To do:
What you return should be each line of the data containing the string "before".

Records for the exercise:
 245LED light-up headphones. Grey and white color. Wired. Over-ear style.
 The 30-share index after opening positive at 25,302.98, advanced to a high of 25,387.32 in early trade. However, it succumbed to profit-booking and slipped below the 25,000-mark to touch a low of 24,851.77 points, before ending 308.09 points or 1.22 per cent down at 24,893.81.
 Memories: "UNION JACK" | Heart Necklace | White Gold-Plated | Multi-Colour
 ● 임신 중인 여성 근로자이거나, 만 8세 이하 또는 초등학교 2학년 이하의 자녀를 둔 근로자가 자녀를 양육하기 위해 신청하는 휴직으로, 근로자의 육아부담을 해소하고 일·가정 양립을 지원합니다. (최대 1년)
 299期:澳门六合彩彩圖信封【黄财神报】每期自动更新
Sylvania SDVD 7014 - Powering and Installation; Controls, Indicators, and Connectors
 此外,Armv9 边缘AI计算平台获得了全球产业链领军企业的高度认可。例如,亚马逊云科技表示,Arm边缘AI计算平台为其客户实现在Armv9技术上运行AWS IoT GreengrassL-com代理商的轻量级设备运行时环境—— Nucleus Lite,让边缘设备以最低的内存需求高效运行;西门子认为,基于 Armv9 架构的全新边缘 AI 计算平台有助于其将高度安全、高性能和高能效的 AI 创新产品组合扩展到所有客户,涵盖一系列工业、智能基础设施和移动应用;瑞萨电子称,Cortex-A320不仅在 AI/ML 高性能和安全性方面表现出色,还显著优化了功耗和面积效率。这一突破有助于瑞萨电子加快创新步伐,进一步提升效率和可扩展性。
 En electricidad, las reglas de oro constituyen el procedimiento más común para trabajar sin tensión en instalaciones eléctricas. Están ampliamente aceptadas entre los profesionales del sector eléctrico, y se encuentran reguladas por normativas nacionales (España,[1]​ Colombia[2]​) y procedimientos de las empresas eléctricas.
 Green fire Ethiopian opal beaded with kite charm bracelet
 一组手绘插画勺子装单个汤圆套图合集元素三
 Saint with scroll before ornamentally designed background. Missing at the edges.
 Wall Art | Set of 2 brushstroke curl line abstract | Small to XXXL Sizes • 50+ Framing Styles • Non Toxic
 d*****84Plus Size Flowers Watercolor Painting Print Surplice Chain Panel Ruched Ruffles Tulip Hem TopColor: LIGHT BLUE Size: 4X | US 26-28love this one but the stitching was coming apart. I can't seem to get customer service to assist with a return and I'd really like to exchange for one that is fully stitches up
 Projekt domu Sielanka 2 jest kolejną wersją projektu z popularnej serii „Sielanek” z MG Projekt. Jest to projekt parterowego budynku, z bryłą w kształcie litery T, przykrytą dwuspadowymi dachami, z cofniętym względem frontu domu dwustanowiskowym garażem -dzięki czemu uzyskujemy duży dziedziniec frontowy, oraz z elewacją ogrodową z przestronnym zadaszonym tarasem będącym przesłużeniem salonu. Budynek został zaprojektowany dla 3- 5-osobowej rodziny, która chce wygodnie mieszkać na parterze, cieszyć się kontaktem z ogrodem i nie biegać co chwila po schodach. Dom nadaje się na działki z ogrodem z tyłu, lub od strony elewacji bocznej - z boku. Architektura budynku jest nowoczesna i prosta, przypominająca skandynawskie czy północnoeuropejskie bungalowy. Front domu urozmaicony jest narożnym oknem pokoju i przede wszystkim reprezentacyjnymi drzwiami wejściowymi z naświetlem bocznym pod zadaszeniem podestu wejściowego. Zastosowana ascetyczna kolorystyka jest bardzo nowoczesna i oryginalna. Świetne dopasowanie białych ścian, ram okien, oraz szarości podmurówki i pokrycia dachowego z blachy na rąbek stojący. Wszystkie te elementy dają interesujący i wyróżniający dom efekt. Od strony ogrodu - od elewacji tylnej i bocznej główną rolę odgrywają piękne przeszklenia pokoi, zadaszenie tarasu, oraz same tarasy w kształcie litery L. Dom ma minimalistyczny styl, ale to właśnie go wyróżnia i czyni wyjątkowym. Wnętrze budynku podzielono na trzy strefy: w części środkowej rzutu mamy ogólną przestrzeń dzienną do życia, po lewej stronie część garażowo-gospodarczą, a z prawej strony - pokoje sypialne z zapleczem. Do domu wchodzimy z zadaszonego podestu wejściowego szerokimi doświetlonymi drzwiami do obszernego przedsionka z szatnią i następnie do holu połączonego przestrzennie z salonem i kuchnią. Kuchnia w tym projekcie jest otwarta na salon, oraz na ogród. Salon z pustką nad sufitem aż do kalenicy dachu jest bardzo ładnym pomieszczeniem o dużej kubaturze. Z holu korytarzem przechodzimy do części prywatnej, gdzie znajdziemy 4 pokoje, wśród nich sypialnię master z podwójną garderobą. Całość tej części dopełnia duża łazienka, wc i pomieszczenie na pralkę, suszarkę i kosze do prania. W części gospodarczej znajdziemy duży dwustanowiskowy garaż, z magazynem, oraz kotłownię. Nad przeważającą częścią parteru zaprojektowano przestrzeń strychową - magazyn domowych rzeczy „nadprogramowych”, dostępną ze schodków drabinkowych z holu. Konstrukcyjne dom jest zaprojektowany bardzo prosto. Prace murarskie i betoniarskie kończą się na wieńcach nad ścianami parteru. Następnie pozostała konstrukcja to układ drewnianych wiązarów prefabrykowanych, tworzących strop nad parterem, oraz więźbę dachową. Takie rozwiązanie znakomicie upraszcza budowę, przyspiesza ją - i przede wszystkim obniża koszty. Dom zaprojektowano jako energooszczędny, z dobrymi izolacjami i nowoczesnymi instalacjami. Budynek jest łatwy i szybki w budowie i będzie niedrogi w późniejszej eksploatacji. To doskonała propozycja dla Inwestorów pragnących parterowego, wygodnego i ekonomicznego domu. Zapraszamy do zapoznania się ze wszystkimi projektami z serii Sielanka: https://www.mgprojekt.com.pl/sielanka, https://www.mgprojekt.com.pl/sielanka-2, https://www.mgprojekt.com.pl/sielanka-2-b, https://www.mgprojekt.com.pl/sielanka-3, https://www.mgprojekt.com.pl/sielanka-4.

Task answer:
 The 30-share index after opening positive at 25,302.98, advanced to a high of 25,387.32 in early trade. However, it succumbed to profit-booking and slipped below the 25,000-mark to touch a low of 24,851.77 points, before ending 308.09 points or 1.22 per cent down at 24,893.81.
 Saint with scroll before ornamentally designed background. Missing at the edges.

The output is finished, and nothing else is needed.